I was thinking this project classifies as a patio cover, which means it can't be a habitable room, can be covered with 0.125" translucent plastic, etc.  What are the fire and setback requirements on this thing?

Thanks in advance...


----------



## cda (Jun 4, 2019)

Welcome


----------



## cda (Jun 4, 2019)

So do you want to put it against the house??/  not attached.

Ask the nice city for the code reference, where they get the ten feet away from the house 

Than post that section here.

As far as green housing it, do not label it a green house or mention the plastic 

Once built you may never plastic it, plus it does deep freeze in Texas and the plants cannot handle it


----------



## tmurray (Jun 4, 2019)

Sounds like a zoning requirement.


----------



## mtlogcabin (Jun 4, 2019)

2006 IBC requires a fire separation distance of 10 for non-rated buildings.
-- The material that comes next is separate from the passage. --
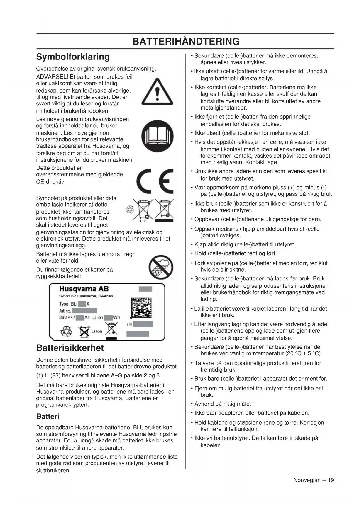 19BATTERIHÅNDTERING Norwegian – 19 Symbolforklaring Oversettelse av original svensk bruksanvisning. ADVARSEL! Et batteri som brukes feil eller uaktsomt kan være et farlig redskap, som kan forårsake alvorlige, til og med livstruende skader. Det er svært viktig at du leser og forstår innholdet i brukerhåndboken. Les nøye gjennom bruksanvisningen og forstå innholdet før du bruker maskinen. Les nøye gjennom brukerhåndboken for det relevante trådløse apparatet fra Husqvarna, og forsikre deg om at du har forstått instruksjonene før du bruker maskinen. Dette produktet er i overensstemmelse med gjeldende CE-direktiv. Symbolet på produktet eller dets emballasje indikerer at dette produktet ikke kan håndteres som husholdningsavfall. Det skal i stedet leveres til egnet gjenvinningsstasjon for gjenvinning av elektrisk og elektronisk utstyr. Dette produktet må innleveres til et gjenvinningsanlegg. Batteriet må ikke lagres utendørs i regn eller våte forhold. Du finner følgende etiketter på ryggsekkbatteriet: Batterisikkerhet Denne delen beskriver sikkerhet i forbindelse med batteriet og batteriladeren til det batteridrevne produktet. (1) til (23) henviser til bildene A–G på side 2 og 3. Det må bare brukes originale Husqvarna-batterier i Husqvarna-produkter, og batteriene må bare lades i en original batterilader fra Husqvarna. Batteriene er programvarekryptert. Batteri De oppladbare Husqvarna-batteriene, BLi, brukes kun som strømforsyning til relevante Husqvarna ledningsfrie apparater. For å unngå skade må batteriet ikke brukes som strømkilde til andre apparater. Det følgende viser en typisk, men ikke uttømmende liste med gode råd som produsenten av utstyret leverer til sluttbrukeren.

However there is an exception for buildings on the same lot
503.1.2 Buildings on same lot.
Two or more buildings on the same lot shall be regulated as separate buildings or shall be considered as portions of one building if the height of each building and the aggregate area of buildings are within the limitations of Table 503 as modified by Sections 504 and 506. The provisions of this code applicable to the aggregate building shall be applicable to each building.

I am sure your house and pergola will easily meet the requirements of IBC 503.1.2


----------



## classicT (Jun 4, 2019)

I am thinking that this is a zoning requirement, not a building code requirement for fire separation.

You need to ask which it is.


----------



## kobin (Jun 4, 2019)

Yep sure enough it's a zoning requirement according to Zoning Ordinance Section 42 C:

https://www.grapevinetexas.gov/DocumentCenter/View/292/Section-42---Supplementary-Distrist?bidId=

"An accessory building attached to the main building shall be made structurally a part and have a common wall with the main building and shall comply in all respects with the requirements of this Ordinance applicable to the main building. Unless so attached, an accessory building in a residential district shall be located on the rear one-half of the lot and at least ten (10) feet from any dwelling or building existing or under construction on the same lot or any adjacent lot. In all residential districts, a building or structure attached to the principal building or structure by only a breezeway having a maximum width of six (6) feet shall be considered as being a detached accessory building or structure. No accessory building shall be located nearer than three (3) feet to any side or rear lot line. In the case of a corner lot, no accessory building shall be located within any side yard required on the street side. A garage, detached from the main building, may be located no nearer than six (6) feet to any rear lot line and shall be subject to the same side yard requirements as the principal structure."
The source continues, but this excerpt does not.